I am working on the exercise of determining when $\sum_{n=1}^{\infty}\frac{\sin n}{n^p}$ converges conditionally. I know if $p\leq0$ it cannot converge by the vanishing condition, and if $p>1$ the series converges absolutely and hence conditionally as well. For the area $0<p<1$, I am completely lost however. I have seen some proofs online that $\sum_{n=1}^{\infty}\frac{\sin n}{n}$ converges conditionally, but this is done using techniques that are way out of my reach (I’m in an introductory analysis class).
The first part of the exercise was to prove that $\sum_{n=1}^{N}\sin n=\frac{\sin(\frac{N+1}{2})\sin(\frac{N}{2})}{\sin(\frac{1}{2})}$, so I think this could be used in some way.

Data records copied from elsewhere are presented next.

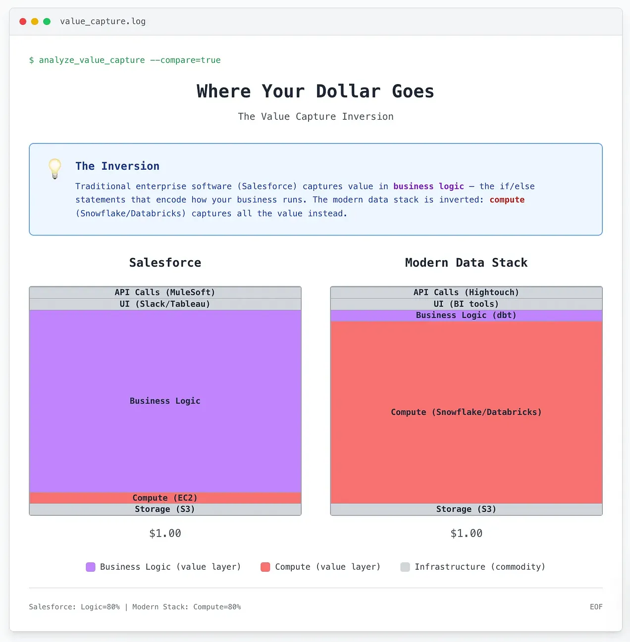 "dbt์ 1๋ฌ๋ฌ๊ฐ ์ฐ์ผ ๋๋ง๋ค Snowflake์๋ 10๋ฌ๋ฌ๊ฐ ๋ค์ด๊ฐ๋๋ค. ์๋ง์ Snowflake ์์ ๋ด๋น์๋ค์ dbt๊ฐ ์ต๊ทผ ๋งค์ถ 1์ต ๋ฌ๋ฌ๋ฅผ ๋๊ฒผ์ ๋ฟ์ด์ง๋ง, Snowflake ๋น์ฉ์ผ๋ก๋ 5์ต ๋ฌ๋ฌ๋ฅผ ๋ฐ์์ํค๊ณ ์๋ค๊ณ ํ์ธํด ์ฃผ์์ต๋๋ค. ๊ทธ๋์ Snowflake ๋ด๋น์๋ค์ ๋ชจ๋ ๊ฑฐ๋์์ dbt๋ฅผ ํจ๊ป ํ๋ ๊ฒ์ ์ข์ํฉ๋๋ค. ์ด๋ dbt ์ปค๋ฎค๋ํฐ๊ฐ ์์ฒญ๋๊ฒ ์ฑ์ฅํ๋ ๊ณ๊ธฐ๊ฐ ๋์์ต๋๋ค. ์ฆ, Snowflake ์์ ๋ด๋น์๋ค์ด ์ฌ์ค์ dbt์ ์์๋ฃ ์๋ ์์ ํ์ด์๋ ์ ์ ๋๋ค. ๋์ ๋๋๋ ๋์ dbt๊ฐ 2%๋ฅผ ๊ฐ๊ณ Snowflake๊ฐ 98%๋ฅผ ๊ฐ์ก๋ค๋ ์ ๋ง ๋นผ๋ฉด์. ์์ฃผ ๊ด๋ํ ํํธ๋์ญ ๊ตฌ์กฐ์ฃ ."
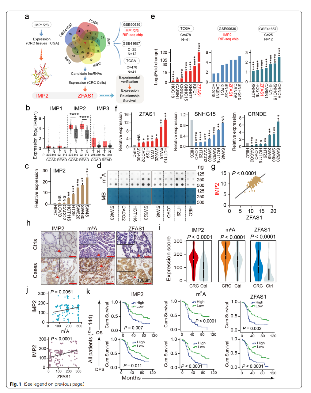 然后分析了m6A閱讀蛋白IMP1/2/3的RNA免疫沉淀測序(RIP-seq)數據以及TCGA中的數據,獲得了7個(gè)候選的lncRNA。其中ZFAS1、SNHG15和CRNDE表現出明顯的高表達(圖1e)。在CRC細胞中,ZFAS1表現出最明顯的高表達(圖1f)。在IMP1/2/3和ZFAS1之間計算相關(guān)性,發(fā)現ZFAS1和IMP2之間存在明顯的正相關(guān)(圖1g)。
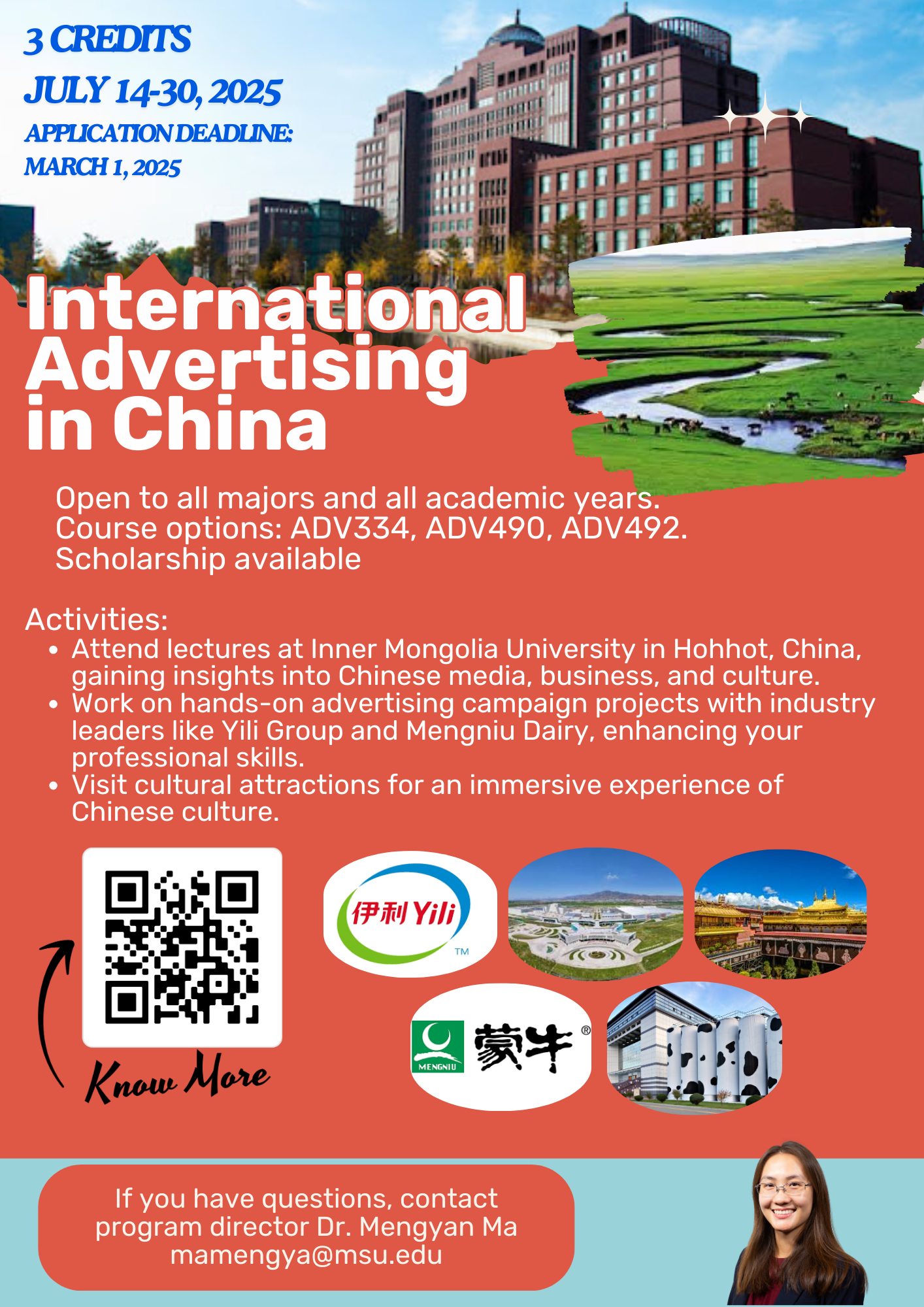 I direct a 2-week Education Abroad Program titled "International Advertising in China," offering students the opportunity to blend academic learning with practical experience in one of the world’s most dynamic markets. I presented my program at MSU Global Learning Expo Event in October 2024 and hosted an information session that accommodated both in-person and Zoom participants in December 2024 and February 2025.
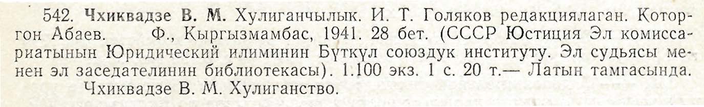 Entries are organized by subject in a manner similar to that used in the all-Union Knizhnaia letopis’ , as is common. In all but one of the volumes, Kyrgyz- and Russian-language entries are separated into their own self-contained sections. Russian-language books are described in Russian, Kyrgyz-language books are described in Kyrgyz (with a Russian translation of the title provided), and books in other languages (e.g. Dungan) are cited entirely in Russian translation. Books published before the conversion of Kyrgyz to the Cyrillic alphabet around 1941 are cited in Cyrillic, with a note that the original publication was in the Latin or Arabic script (see sample entry below). Dungan-language books published in Kyrgyzstan are reportedly indexed in all six parts, while books in Karachai-Balkar, Chechen, Ingush and German were only indexed in the volume for 1955-1959 (see the following entry for more information on works in these languages).
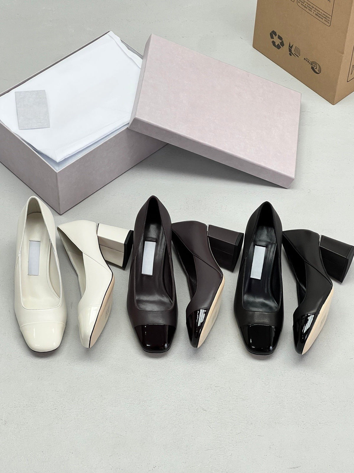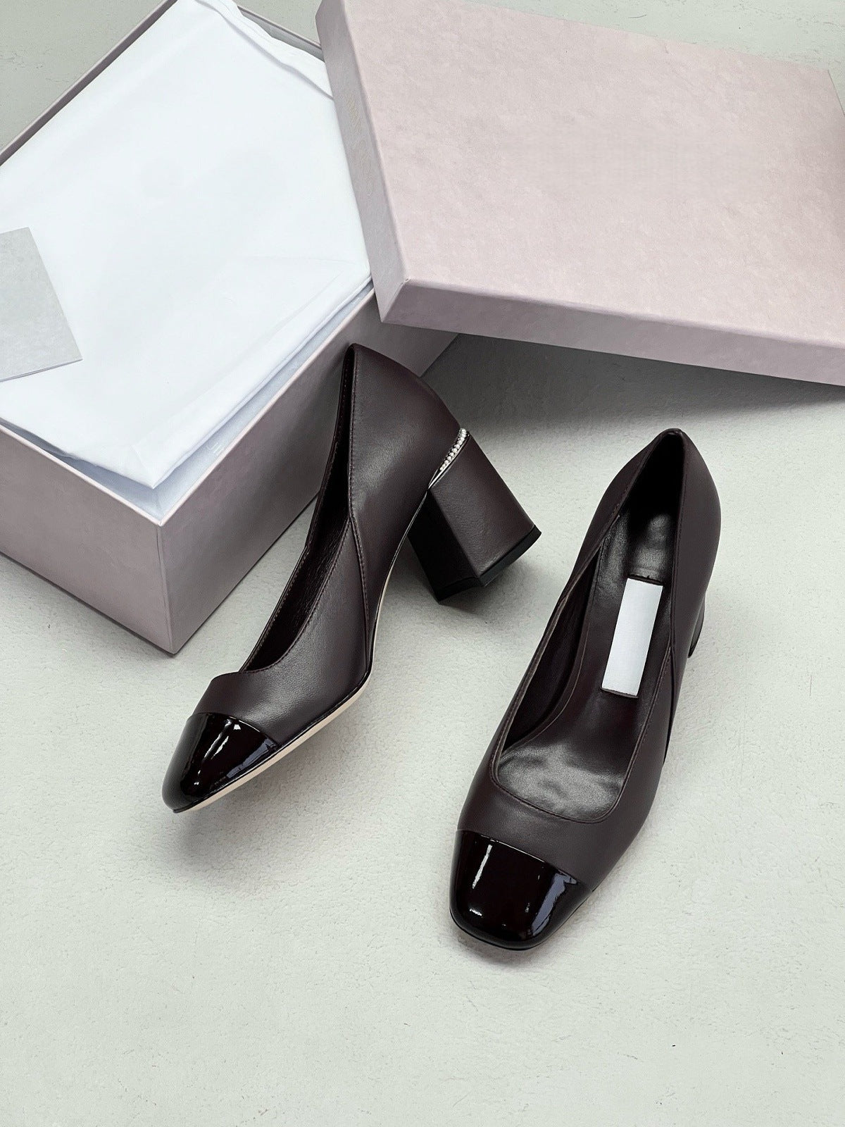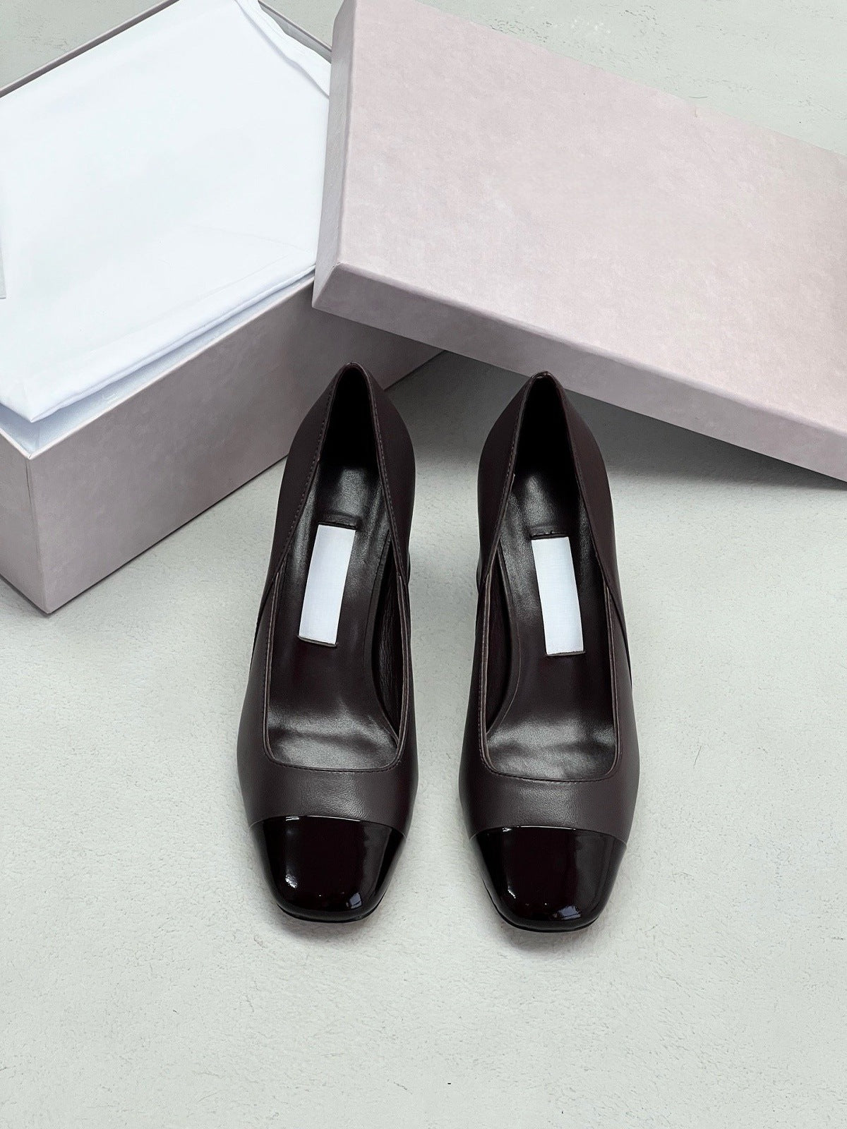 Genuine Leather Colour-Block Block-Heel Pumps – Minimalist Women’s High Heels
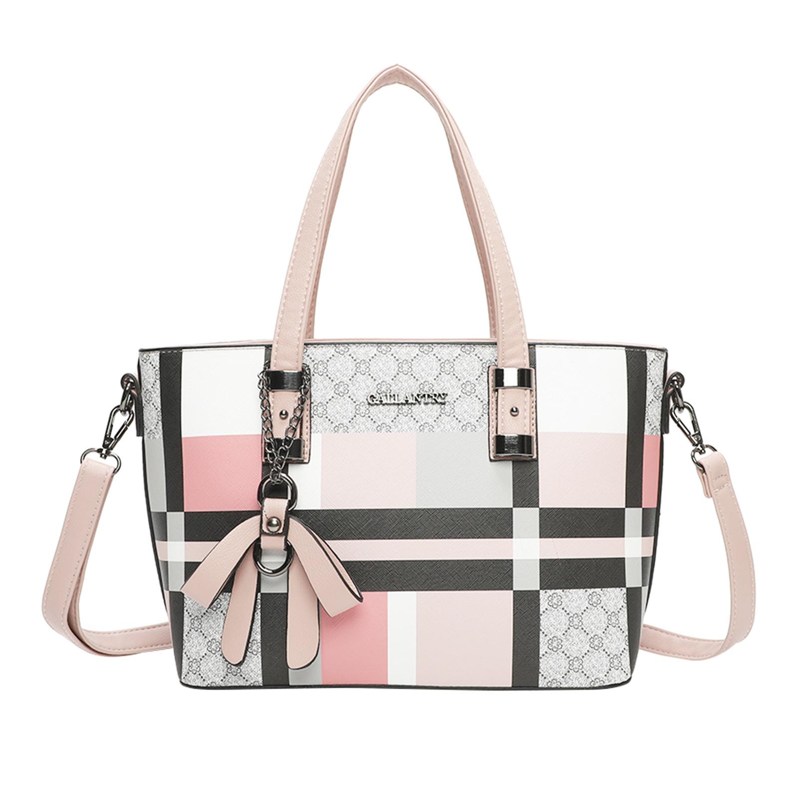 Ce sac cabas présente un motif à carreaux saisissant, combinant diverses couleurs et formes géométriques pour un look moderne et attrayant. Il est conçu à la fois pour le style et la praticité, offrant amplement d'espace pour les essentiels quotidiens.
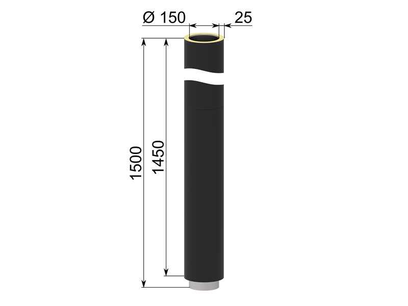 Forlænger modul halvisoleret, L:1000mm pulverlakeret
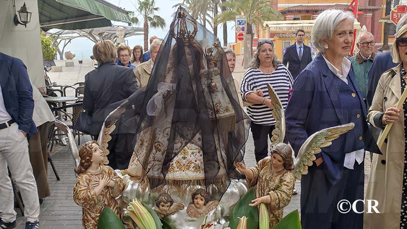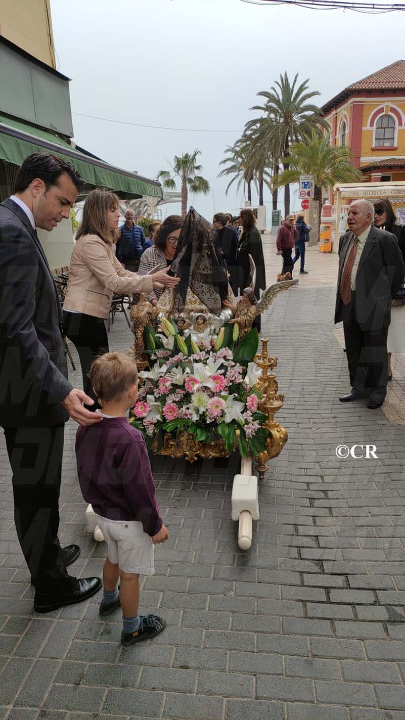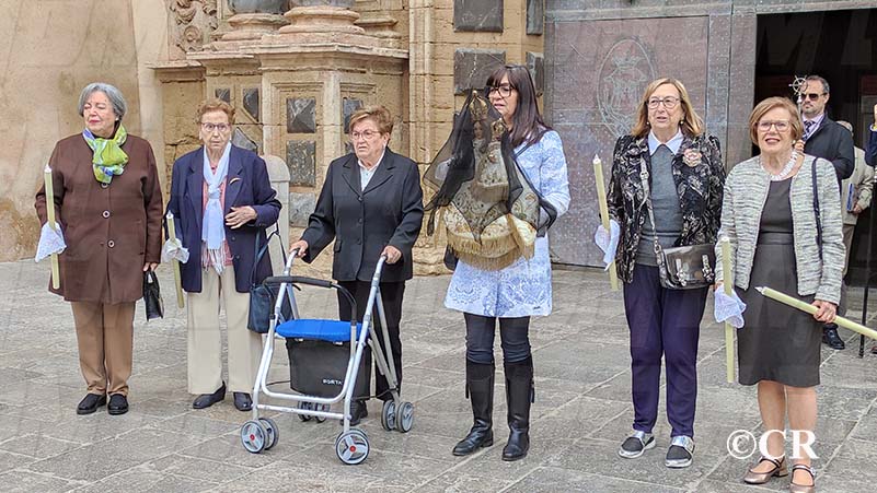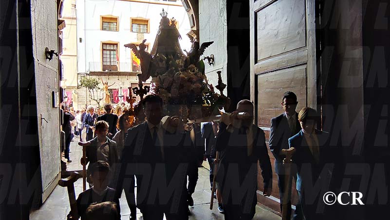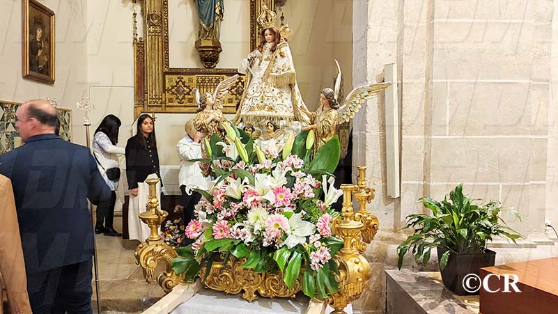 La Verge ha estat acompanyada per les Camareres de la Verge, la Federació de Confraries de la Setmana Santa i la banda de Cornetes i Tambors de San Pedro, entrant per la Placa Sant Valent pel carrer Sant Tomàs.

Your are completely right assuming that
$$\sum_{n=1}^{N}\sin n=\frac{\sin(\frac{N+1}{2})\sin(\frac{N}{2})}{\sin(\frac{1}{2})}$$
is an important fact in considering the convergence of the series. In fact this demonstrates that the absolute value of the partial sums of $$ \sum_{n=1}^{N}\sin n $$ is bounded by $\frac{1}{\sin\frac12}$.
Thus by Dirichlet's test the series $\sum_{n=1}^{\infty}\frac{\sin n}{n^p}$ with $p>0$ is convergent.